Criterion’s special features go a similar route that Arrow went with their features by porting over content from previous DVD and Blu-ray releases while adding a couple of new ones. Unlike Arrow, sadly, Criterion opts not to include a commentary, instead recording a new introduction featuring director Bong Joon-ho. Considering Chabrol’s love for taking potshots at the bourgeoisie with analysis of class dynamics, Bong seems an obvious choice, with his Parasite naturally coming up. But Bong doesn’t focus on the message in Chabrol's films so much as how he presents it, seamlessly winding it into the narrative. He also admires Chabrol’s use of the economic use of editing and camera movement, which can all go by wholly unnoticed but play a vital part in creating the film’s mood.
That said, the material Criterion rounds up is all quite good, and they do at least include a supplement created for The Criterion Channel, a short 9-minute video presentation on the film’s offscreen sound design hosted by Jeff Smith. He explains how Chabrol uses offscreen sound to enhance the mood and tone or even highlight a character's possible insecurities. He breaks down a few sequences but saves the most thorough analysis for the film’s conclusion, where the sounds from two different situations “infiltrate” one another until everything comes together.
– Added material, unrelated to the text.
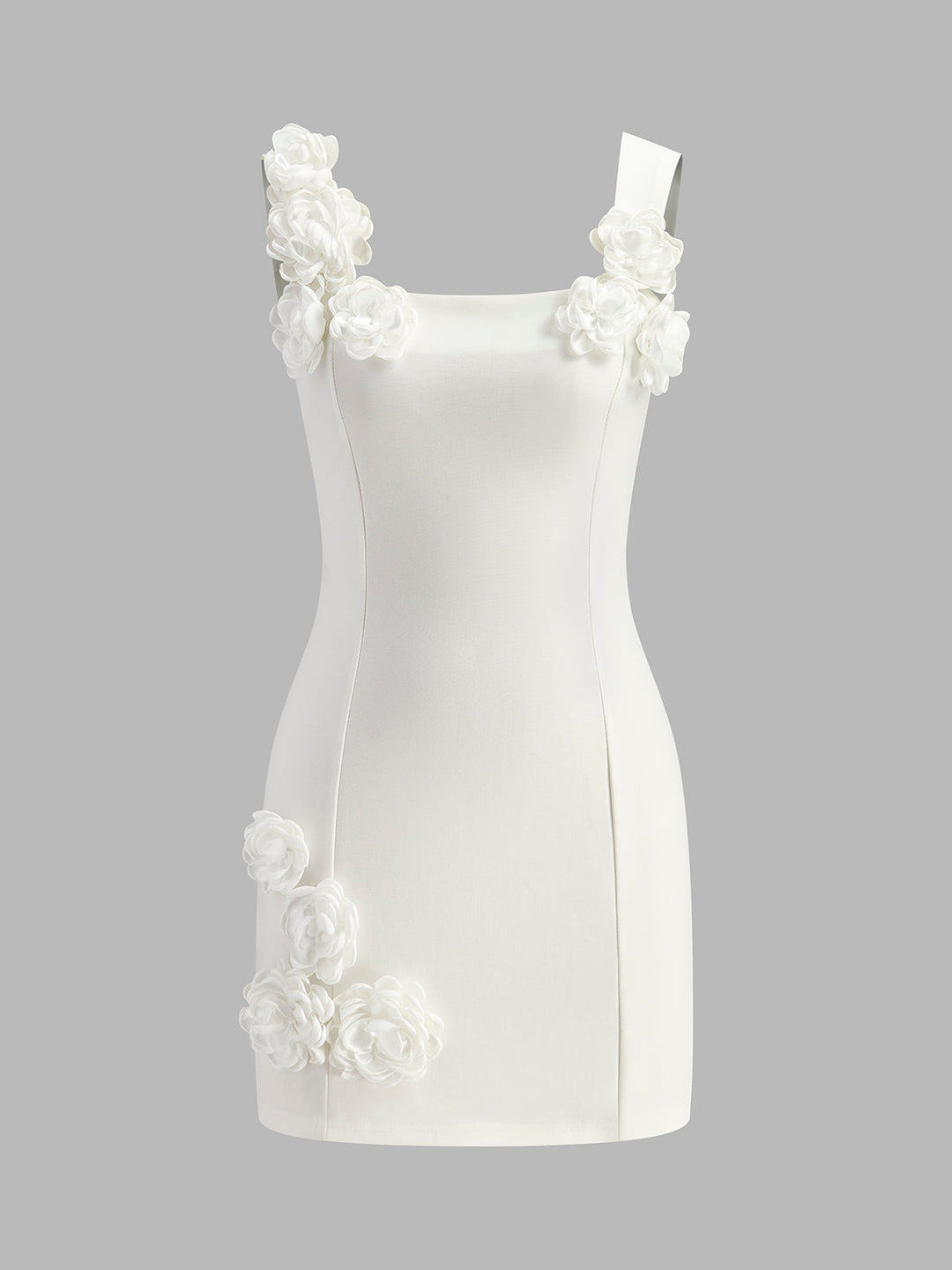 Çarpıcı 3D Çiçek Desenli Askılı Kısa Abiye Elbise Fermuar Detayıyla

It's a nuanced analysis, though different from what Chabrol himself can offer in the included select-scene commentary. This plays out similarly to the “tracks” Arrow had on their Chabrol releases, where the filmmaker focuses heavily on the technical aspects of the film, particularly framing and camera movements. He even points out how the placement of objects can cause unease and explains the reasoning behind using the angles he does when framing the characters. Chabrol’s films always look deceptively simple, but these tracks reveal that they’re not and lay out the level of thought he puts into every composition and shot, right down to the accompanying soundtrack. It runs for 29 minutes.
There are also a couple of featurettes, including an 18-minute making-of featuring interviews with Chabrol, Huppert, Bonnaire, and Bisset. The actors talk about the experience of working with Chabrol while Chabrol discusses the film’s subject matter, all cut with behind-the-scenes footage. It has the feel of something made for DVD but is above average. Better is the 22-minute television special Isabelle Huppert and Claude Chabrol: Crosses Portraits, filmed in 1998 and featuring the two talking about their collaborations together, which includes this film, The Swindle, and Madame Bovary, just for starters, and of her Chabrol says that she “impacts greatness” to mediocre greatness. It’s a charming and fun retrospective with the two.
The disc then ports over two interviews, one with 2020 with Saheffndrine Bonnaire and another with screenwriter (and psychotherapist!) Caroline Eliacheff. Both are exceptionally insightful of the film and its characters, with Bonnaire talking about the planning behind her character, right down to her bangs, which Bonnaire based on Dorothée, a French singer and TV personality. Eliacheff focuses on the true crime element of the film since the story is based on an amalgamation of true events, including the Papin sisters. She also expresses how the crimes that “go down in history” are the ones that feel representative of the time. They run for 13 minutes and 9 minutes, respectively.
The disc then closes with the film’s trailer (looking to be taken from a DVD), and the included insert features an essay by Sarah Weinman, who likens the stories to crime novels like those written by Patricia Highsmith.
Arrow would have included a commentary, I’m sure (with a 50/50 chance that it would have been any good). However, Criterion has still assembled fine material exploring the film’s themes and Chabrols’ technical expertise behind the camera.
It could benefit from more academic material, but the film (finally) receives a solid release in North America.